As the NIH history site summarizes the role of polio vaccination in the development of US public health policy:
The political obstacles to Clinical Center growth were overcome at the close of Eisenhower’s first term, largely as a result of the Salk polio vaccine controversy and reemergent congressional pressure for biomedical research spending. NIH had limited its involvement to long-term, live virus studies until January 1953, when the private National Foundation for Infantile Paralysis announced a killed-virus cure and requested federal oversight for vaccination trials. Assistant Director Shannon and leading NIH virologists attempted to bring order to the precipitate rush to mass inoculation in 1954, but when faulty vaccine licensed by the NIH Laboratory of Biologics Control caused 209 new polio cases in April 1955, the administration convened a special, NIH-led committee to ensure the vaccine’s safety and to complete the program.
Secretary Hobby took responsibility for the faulty vaccine and resigned. Her successor, Marion P. Folsom, disavowed the policy of retrenchment and resolved to step up the search for disease cures. Director Sebrell, uncomfortable with new and more expansive national responsibilities, retired in August 1955. NIH leadership passed to Dr. Shannon, who vigorously exploited opportunities for expanded research, administration, and funding.
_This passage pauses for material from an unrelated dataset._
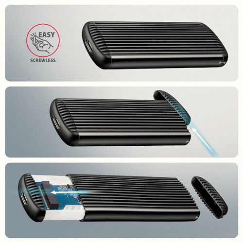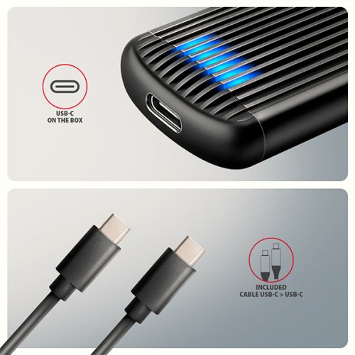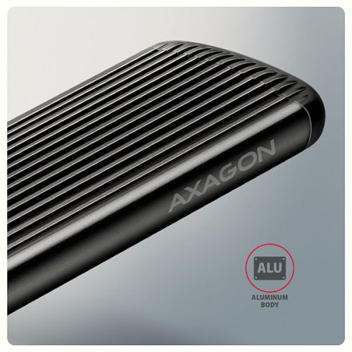 Hliníkový externí AXAGON EEM2-SC RIBBED box s USB 10Gbps rozhraním určený pro M.2 NVMe SSD disky. Stabilní a rychlé připojení zajišťuje oboustranný USB-C konektor. V balení naleznete kabel USB-C -> USB-C pro připojení boxu k počítači. Díky USB 10Gbps rozhraní je přenosová rychlost až 10 Gb/s. Externí M.2 box podporuje moderní funkce např. UASP, TRIM a umožňuje čtení S.M.A.R.T. informací monitorujících stav disku. Výhodou boxu je uchycení rovnou pro čtyři různé délky SSD disku - 30, 42, 60 a 80 mm. M.2 disky mohou být jednostranné nebo oboustranné. Box nemá omezení kapacity vloženého SSD disku. Bezšroubové otevírání usnadňuje montáž i demontáž M.2 SSD disku. Díky tomu je výměna disků rychlá a snadná a výrazně urychluje práci při migraci dat, testování, klonování či rozšiřování úložiště. Žebrovaný design a hliníkový plášť boxu zajistí velmi dobré chlazení vloženého M.2 SSD disku. Prodlužuje se tak jeho životnost a také je zamezeno zpomalování rychlosti disku tzv. „Thermal Throttling“. Vnější kovový plášť je proveden v černé barvě a brání nežádoucím otiskům prstů. Vložením M.2 SSD disku do tohoto boxu snadno vytvoříte rychlý a univerzální externí disk. Box je možné použít jak s počítači a notebooky, tak s mobilními telefony a tablety.

Working closely with Senator Lister H. Hill, who chaired both the Appropriations Health Subcommittee and the full Labor and Public Welfare Committee, Shannon persuaded Congress to double the NIH budget in the spring of 1956. A new era of expansion was thereby inaugurated.
In other words, the lessons learned from the roll out of the Salk vaccine was that the government had too lax of oversight over the quality control of the Salk vaccine, and that looking back at the research of polio vaccines it becomes clear that the research was hamstrung by what we today would call stovepipe politics and artificially limiting potential research paths.
Michele Bachmann is a master at historical revisionism, sitting at the feet of David Barton no doubt. But if the Holocaust reference to tax policies wasn’t enough to convince you that Bachmann isn’t just stupid but also perverse, then consider how backwards this nation’s public health would become were she, the Kochs and their allies, and Tea Partiers ever to get their way.
Michelle Bachmann isn’t just foolish, she’s dangerously delusional.
Note: It’s not fair to the planet Mars to list Bachmann as coming from there. Her malicious stupidity is so dense that it has gravitationally collapsed upon itself, so from now on I list her as (R - Event Horizon of Stupidity. ) Kragar suggests that “Singularity of Stupid” might be a better phrase to describe Bachmann’s origins, rather than “Event Horizon of Stupidity”.